» **Problem details**: Print the lines that start the entries and continue through the one holding "Doors - White", please, exactly and with the pictures omitted.

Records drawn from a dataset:
====

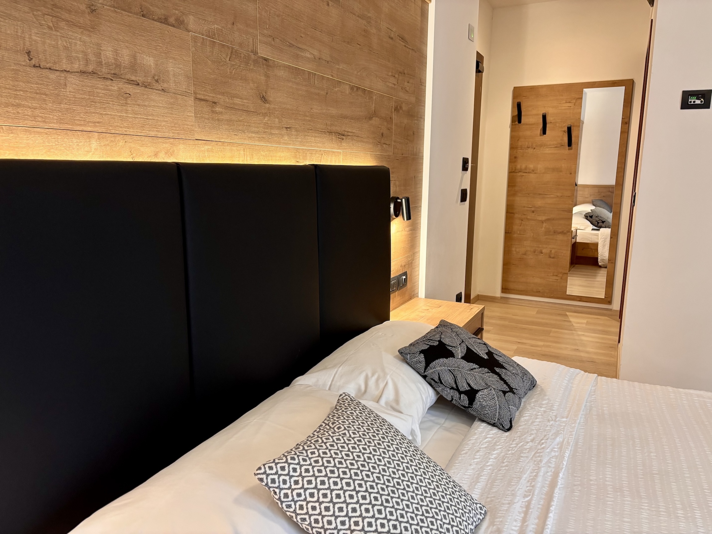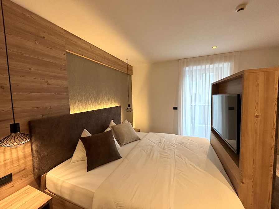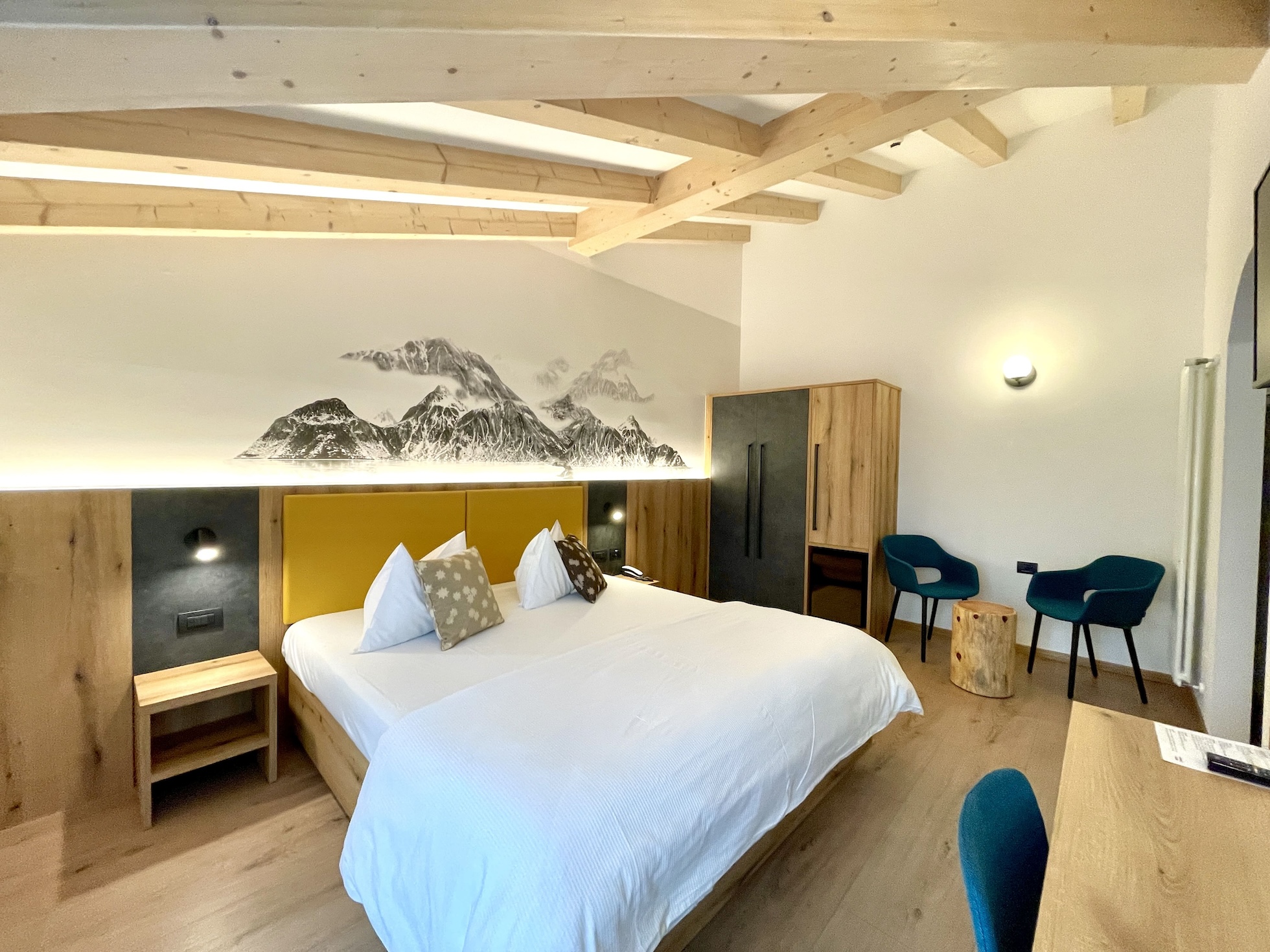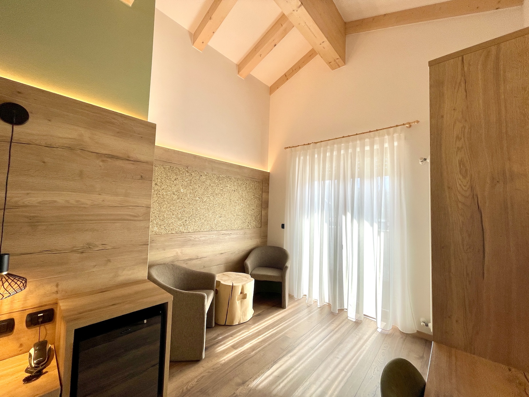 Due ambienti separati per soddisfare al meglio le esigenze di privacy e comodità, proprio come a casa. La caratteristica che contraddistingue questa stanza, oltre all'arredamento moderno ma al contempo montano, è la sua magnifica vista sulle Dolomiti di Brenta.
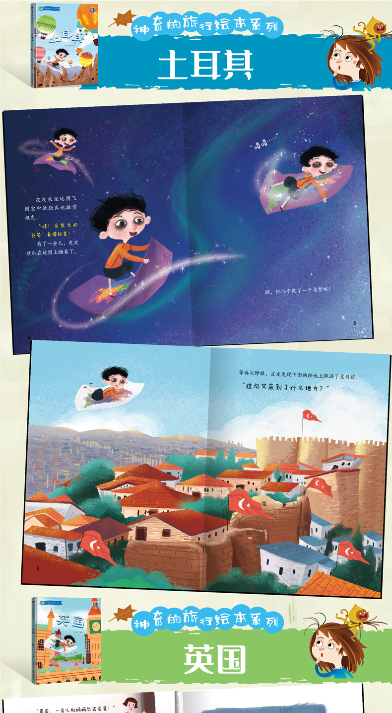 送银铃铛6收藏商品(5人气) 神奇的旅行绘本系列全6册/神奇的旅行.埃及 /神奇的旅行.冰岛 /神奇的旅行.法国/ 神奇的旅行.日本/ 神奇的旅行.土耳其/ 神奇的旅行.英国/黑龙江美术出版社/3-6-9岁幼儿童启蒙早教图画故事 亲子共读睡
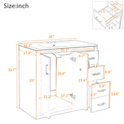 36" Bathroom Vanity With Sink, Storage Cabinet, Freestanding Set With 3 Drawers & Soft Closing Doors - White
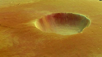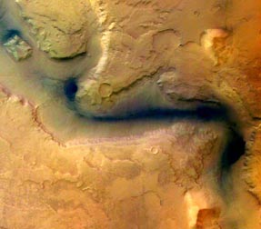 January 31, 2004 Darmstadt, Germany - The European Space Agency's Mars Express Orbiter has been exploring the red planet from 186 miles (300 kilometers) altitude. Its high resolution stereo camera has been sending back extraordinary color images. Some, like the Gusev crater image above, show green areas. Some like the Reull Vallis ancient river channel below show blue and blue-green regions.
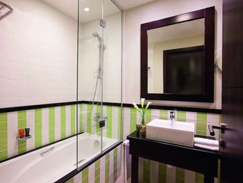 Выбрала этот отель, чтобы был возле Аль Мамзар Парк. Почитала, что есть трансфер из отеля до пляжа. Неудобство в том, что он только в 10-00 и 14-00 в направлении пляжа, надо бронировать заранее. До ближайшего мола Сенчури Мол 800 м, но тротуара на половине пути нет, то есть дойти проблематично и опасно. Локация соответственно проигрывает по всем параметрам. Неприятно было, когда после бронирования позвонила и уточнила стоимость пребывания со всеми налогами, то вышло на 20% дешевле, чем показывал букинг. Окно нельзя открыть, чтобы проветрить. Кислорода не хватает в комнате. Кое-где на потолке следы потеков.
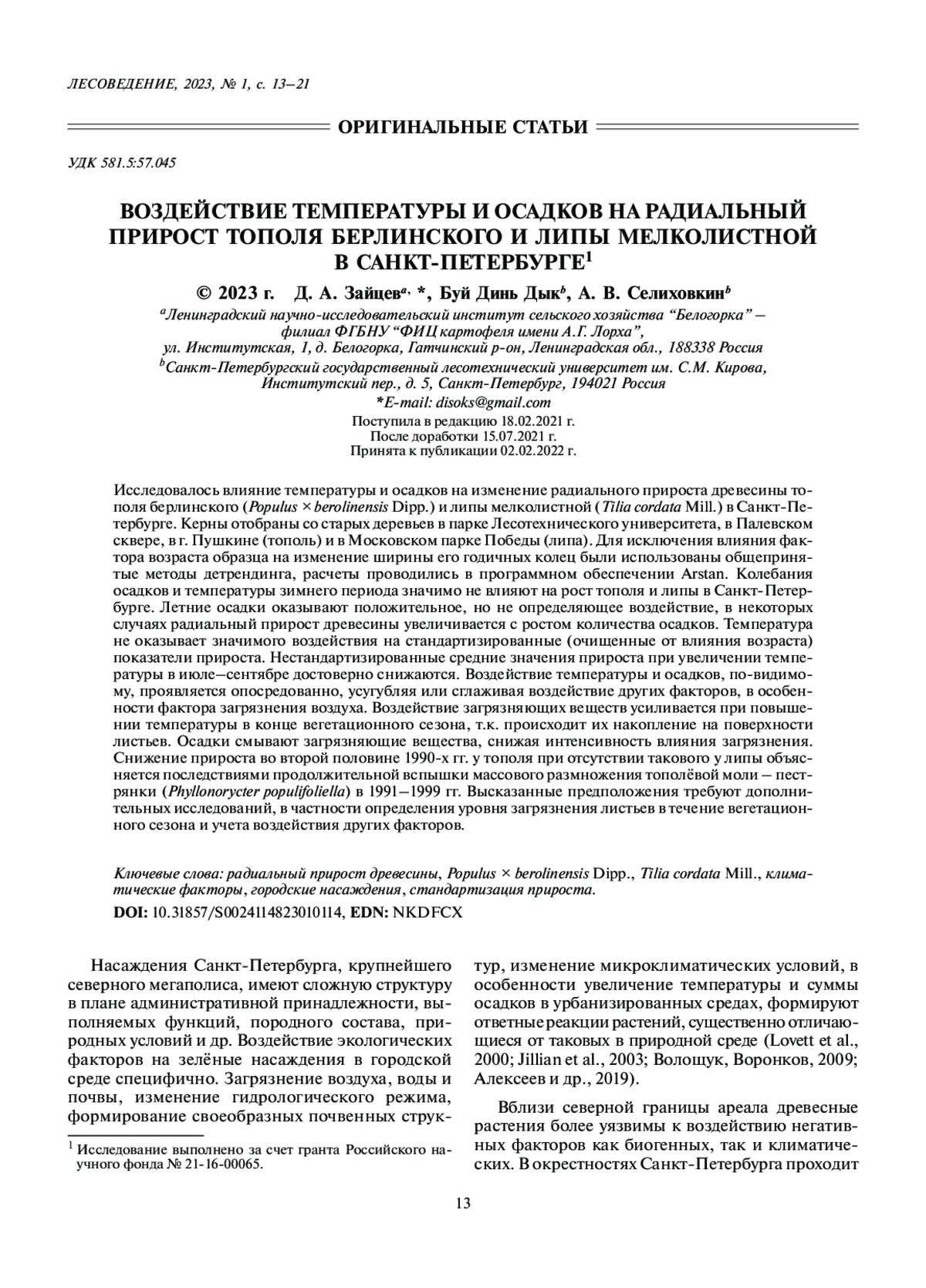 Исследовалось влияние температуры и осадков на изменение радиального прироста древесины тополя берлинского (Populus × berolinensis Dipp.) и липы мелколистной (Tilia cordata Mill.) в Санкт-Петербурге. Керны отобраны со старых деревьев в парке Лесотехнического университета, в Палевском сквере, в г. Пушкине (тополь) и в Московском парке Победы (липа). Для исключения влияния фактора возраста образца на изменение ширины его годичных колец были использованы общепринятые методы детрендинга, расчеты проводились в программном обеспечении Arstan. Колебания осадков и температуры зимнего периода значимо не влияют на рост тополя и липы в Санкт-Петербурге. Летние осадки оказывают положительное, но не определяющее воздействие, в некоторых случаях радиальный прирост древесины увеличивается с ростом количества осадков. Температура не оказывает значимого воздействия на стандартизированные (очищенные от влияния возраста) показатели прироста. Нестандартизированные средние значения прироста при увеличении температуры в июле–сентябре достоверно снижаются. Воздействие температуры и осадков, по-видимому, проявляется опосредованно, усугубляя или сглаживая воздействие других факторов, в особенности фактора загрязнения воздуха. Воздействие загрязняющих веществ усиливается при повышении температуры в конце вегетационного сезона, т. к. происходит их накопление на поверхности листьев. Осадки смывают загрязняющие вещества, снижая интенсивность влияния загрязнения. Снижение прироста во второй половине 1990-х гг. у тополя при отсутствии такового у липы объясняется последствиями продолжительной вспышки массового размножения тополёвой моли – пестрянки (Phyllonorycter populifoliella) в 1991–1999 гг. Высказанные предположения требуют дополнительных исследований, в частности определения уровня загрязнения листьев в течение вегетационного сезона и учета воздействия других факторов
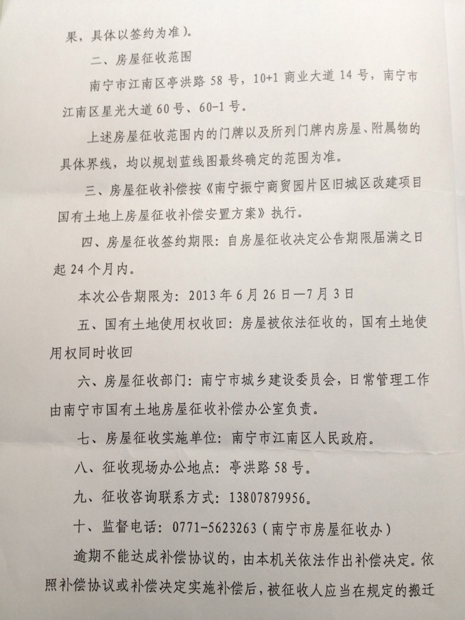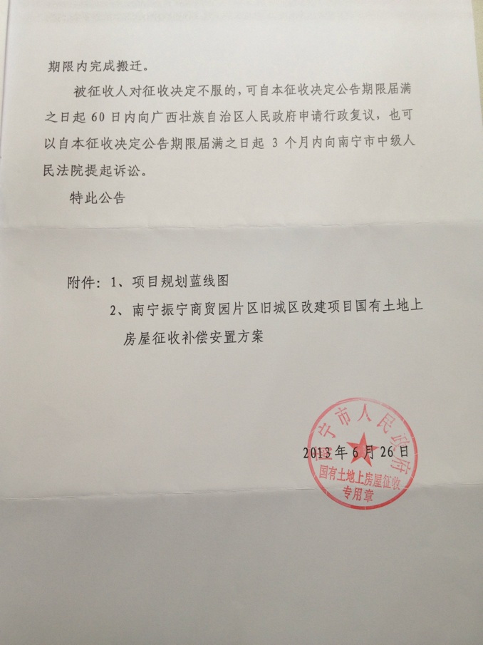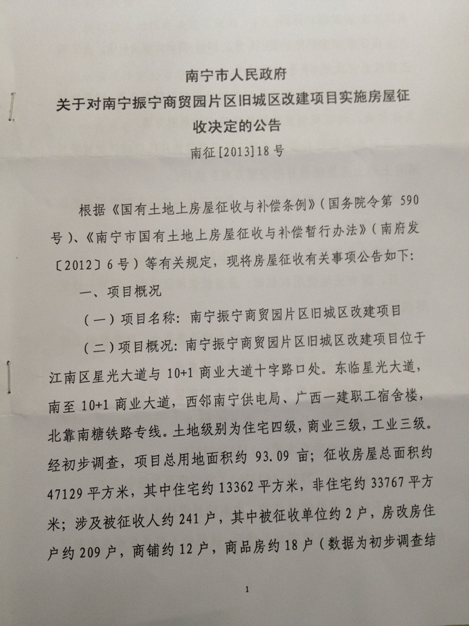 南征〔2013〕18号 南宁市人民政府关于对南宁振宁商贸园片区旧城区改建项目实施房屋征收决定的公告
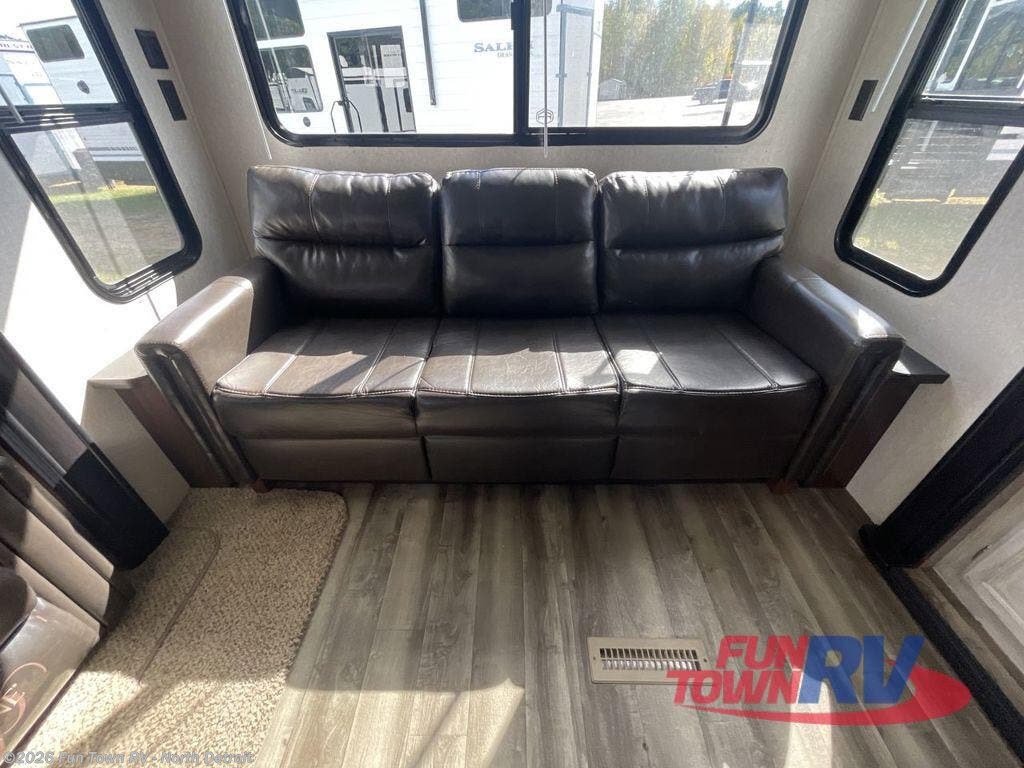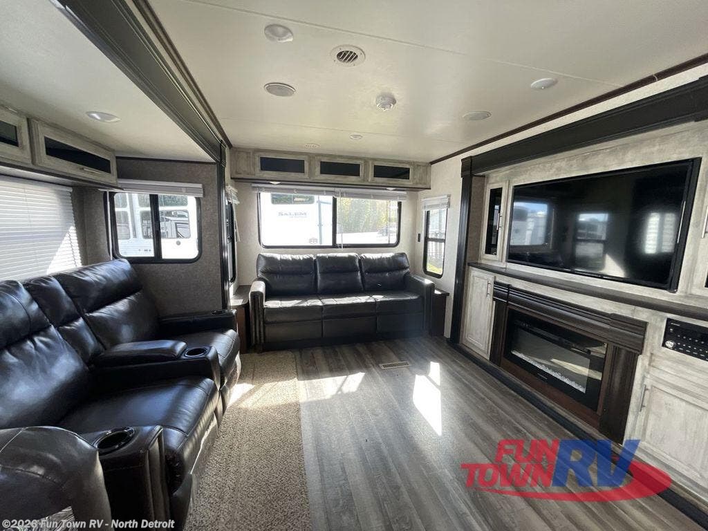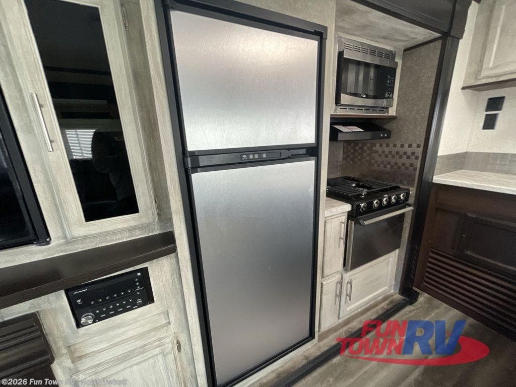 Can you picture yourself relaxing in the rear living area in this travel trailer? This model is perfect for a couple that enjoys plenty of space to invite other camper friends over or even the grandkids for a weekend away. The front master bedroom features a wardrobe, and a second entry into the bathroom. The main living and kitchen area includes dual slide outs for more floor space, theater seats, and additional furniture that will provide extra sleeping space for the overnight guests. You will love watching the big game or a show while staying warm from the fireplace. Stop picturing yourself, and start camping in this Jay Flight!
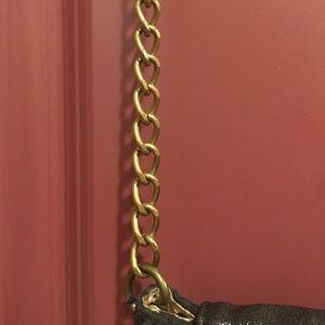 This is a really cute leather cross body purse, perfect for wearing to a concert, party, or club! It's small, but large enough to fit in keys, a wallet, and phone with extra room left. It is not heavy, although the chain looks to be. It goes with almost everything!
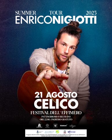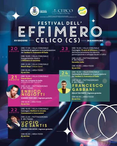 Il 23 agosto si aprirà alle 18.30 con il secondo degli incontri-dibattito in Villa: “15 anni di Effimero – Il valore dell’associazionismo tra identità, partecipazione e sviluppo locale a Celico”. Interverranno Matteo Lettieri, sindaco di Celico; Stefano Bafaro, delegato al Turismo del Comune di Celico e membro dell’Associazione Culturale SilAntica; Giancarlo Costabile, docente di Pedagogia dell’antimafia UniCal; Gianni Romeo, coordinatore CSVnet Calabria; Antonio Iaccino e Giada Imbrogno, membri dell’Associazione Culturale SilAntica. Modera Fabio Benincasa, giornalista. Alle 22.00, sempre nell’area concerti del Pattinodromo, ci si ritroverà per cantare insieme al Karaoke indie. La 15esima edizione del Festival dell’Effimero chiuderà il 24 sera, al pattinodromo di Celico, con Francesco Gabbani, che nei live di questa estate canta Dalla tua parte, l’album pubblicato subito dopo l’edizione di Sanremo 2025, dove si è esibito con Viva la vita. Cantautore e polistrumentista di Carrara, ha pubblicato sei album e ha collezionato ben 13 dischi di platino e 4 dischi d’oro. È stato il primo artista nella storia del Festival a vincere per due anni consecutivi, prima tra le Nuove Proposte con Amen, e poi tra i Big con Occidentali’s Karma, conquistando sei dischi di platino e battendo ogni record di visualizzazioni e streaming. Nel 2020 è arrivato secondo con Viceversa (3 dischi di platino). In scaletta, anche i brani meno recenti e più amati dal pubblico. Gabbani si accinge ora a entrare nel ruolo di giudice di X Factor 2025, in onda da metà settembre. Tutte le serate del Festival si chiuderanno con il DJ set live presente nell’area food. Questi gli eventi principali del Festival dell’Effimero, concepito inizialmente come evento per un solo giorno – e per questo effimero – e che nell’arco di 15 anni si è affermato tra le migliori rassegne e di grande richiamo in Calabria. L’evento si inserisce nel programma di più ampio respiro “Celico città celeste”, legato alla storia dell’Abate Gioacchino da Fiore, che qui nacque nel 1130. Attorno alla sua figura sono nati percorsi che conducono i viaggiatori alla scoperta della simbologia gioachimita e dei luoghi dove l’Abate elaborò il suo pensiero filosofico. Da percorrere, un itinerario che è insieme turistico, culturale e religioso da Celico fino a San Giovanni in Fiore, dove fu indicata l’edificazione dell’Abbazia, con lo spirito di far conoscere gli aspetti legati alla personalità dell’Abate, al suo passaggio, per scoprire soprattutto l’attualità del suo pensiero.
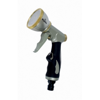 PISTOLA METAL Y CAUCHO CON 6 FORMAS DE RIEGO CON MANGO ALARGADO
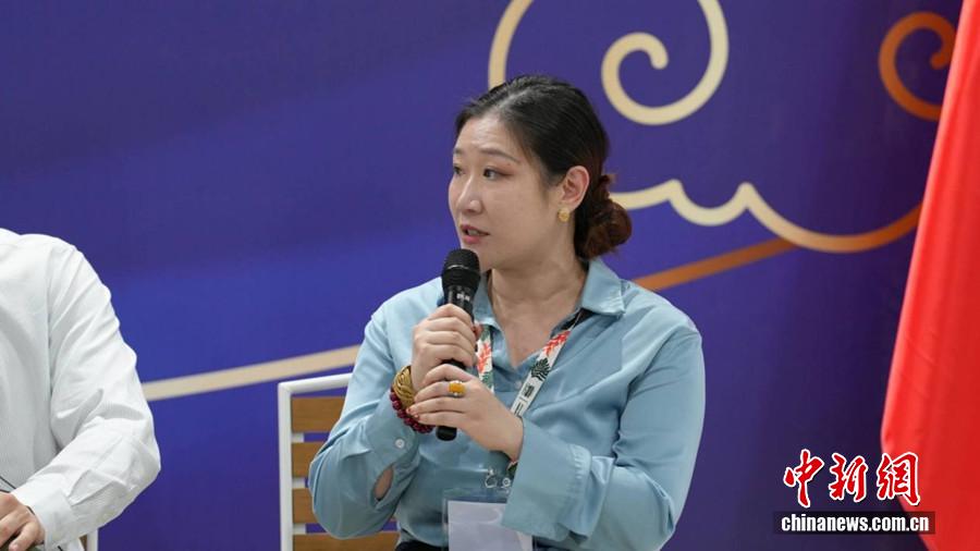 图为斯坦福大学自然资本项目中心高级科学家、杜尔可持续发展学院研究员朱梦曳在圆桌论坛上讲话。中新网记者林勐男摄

====

» **Output of the exercise**:
 Due ambienti separati per soddisfare al meglio le esigenze di privacy e comodità, proprio come a casa. La caratteristica che contraddistingue questa stanza, oltre all'arredamento moderno ma al contempo montano, è la sua magnifica vista sulle Dolomiti di Brenta.
 送银铃铛6收藏商品(5人气) 神奇的旅行绘本系列全6册/神奇的旅行.埃及 /神奇的旅行.冰岛 /神奇的旅行.法国/ 神奇的旅行.日本/ 神奇的旅行.土耳其/ 神奇的旅行.英国/黑龙江美术出版社/3-6-9岁幼儿童启蒙早教图画故事 亲子共读睡
 36" Bathroom Vanity With Sink, Storage Cabinet, Freestanding Set With 3 Drawers & Soft Closing Doors - White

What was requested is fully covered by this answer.